Task objective ▸
The reply must consist of the lines from the first line of the records through the line containing "Springtime cotton field", copied exactly, with every picture omitted.

------ Supplied data

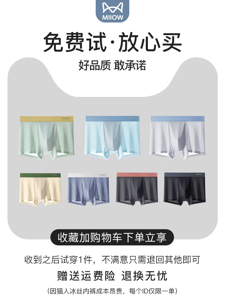 猫人冰丝内裤专享福利透气冰丝×薄款设计!抗菌面料,AAA级抑菌守护!立体剪裁,无痕贴合!猫人品质,值得信赖!多尺码任选,舒适一夏!
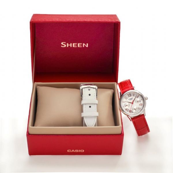 除了日常着装以外,职场女性的衣橱里往往还有几套清新优雅的裙装,以备出席各种宴会party。SHEEN特别增加SHE-3049系列限量款SHE-3049LTD-7A,娇媚明艳的红色在聚光灯下流淌着浪漫风韵,令人怦然心动。腕表还赠送白色表带,让你能一改红色魅惑,纤巧可人。专属表盒简约复古,尽显SHE-3049LTD-7A作为限量款的高端大气。
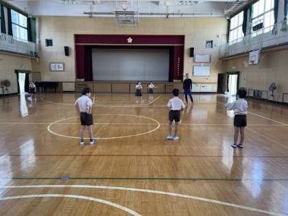 また、他の時間の休み時間には講堂で先生とドッジボールをしていました!
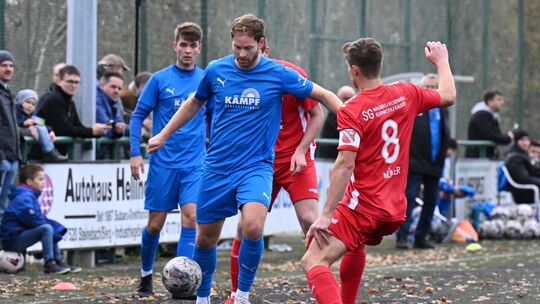 Zweimal gingen Fabian Hüsch (vorne in Blau) und die SG Müschenbach in Hachenburg als Sieger vom Platz. Das soll auch am Freitagabend gelingen, beim Debüt von Neu-Trainer Torsten Gerhardt, dessen Ex-Kapitän Julius Müller (rechts) mit Malberg beim TuS Burgschwalbach die eigene Siegesserie ausbauen will. Jürgen Augst/byJogi
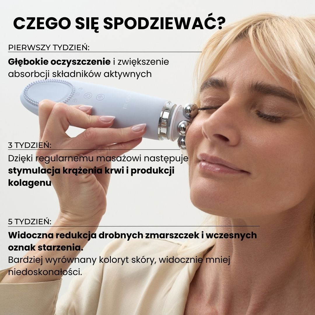 Regularne stosowanie głowicy masującej stymuluje krążenie krwi, co z kolei sprzyja lepszemu dotlenieniu i odżywieniu skóry. Efekt przekłada się na zdrowy, promienny wygląd cery.
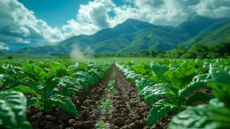 Springtime cotton field with fresh, green sprouts in soft focus. beautiful Generative AI AIG32
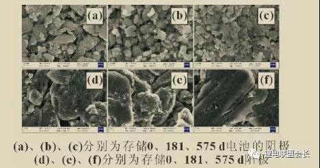 圖3(d),(e),(f)中,存儲181和575d電池陽極首次充電比容量分別為未經(jīng)存儲電池陽極首次充電比容量(304.5mAh/g)的90.4%和84.5%,與實際電池的容量保持率接近(90.7%和85.8%)。所以,電池容量衰減的主要原因是全電池中活性鋰離子的損失。
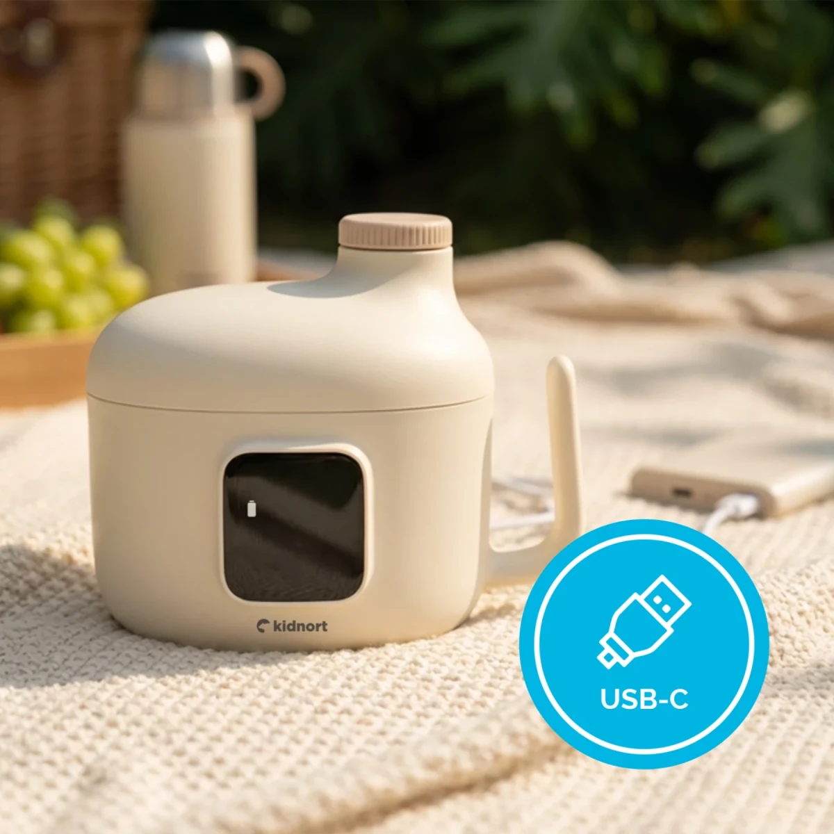 Napájanie cez USB-C umožňuje nabíjanie z powerbanky, auta alebo zásuvky. Dotykový displej a jednoduché ovládanie umožňujú manipuláciu jednou rukou. Produkt sa skvele hodí do domácnosti, na prechádzky aj na cesty.
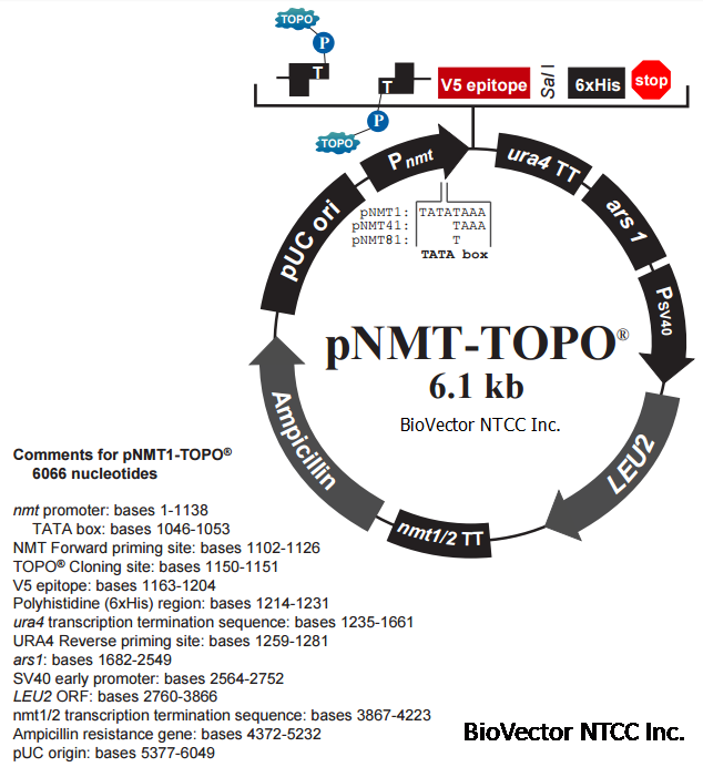 pNMT1-TOPO BioVector NTCC质粒载体菌种细胞基因保藏中心

------------

Task response ▸
 猫人冰丝内裤专享福利透气冰丝×薄款设计!抗菌面料,AAA级抑菌守护!立体剪裁,无痕贴合!猫人品质,值得信赖!多尺码任选,舒适一夏!
 除了日常着装以外,职场女性的衣橱里往往还有几套清新优雅的裙装,以备出席各种宴会party。SHEEN特别增加SHE-3049系列限量款SHE-3049LTD-7A,娇媚明艳的红色在聚光灯下流淌着浪漫风韵,令人怦然心动。腕表还赠送白色表带,让你能一改红色魅惑,纤巧可人。专属表盒简约复古,尽显SHE-3049LTD-7A作为限量款的高端大气。
 また、他の時間の休み時間には講堂で先生とドッジボールをしていました!
 Zweimal gingen Fabian Hüsch (vorne in Blau) und die SG Müschenbach in Hachenburg als Sieger vom Platz. Das soll auch am Freitagabend gelingen, beim Debüt von Neu-Trainer Torsten Gerhardt, dessen Ex-Kapitän Julius Müller (rechts) mit Malberg beim TuS Burgschwalbach die eigene Siegesserie ausbauen will. Jürgen Augst/byJogi
 Regularne stosowanie głowicy masującej stymuluje krążenie krwi, co z kolei sprzyja lepszemu dotlenieniu i odżywieniu skóry. Efekt przekłada się na zdrowy, promienny wygląd cery.
 Springtime cotton field with fresh, green sprouts in soft focus. beautiful Generative AI AIG32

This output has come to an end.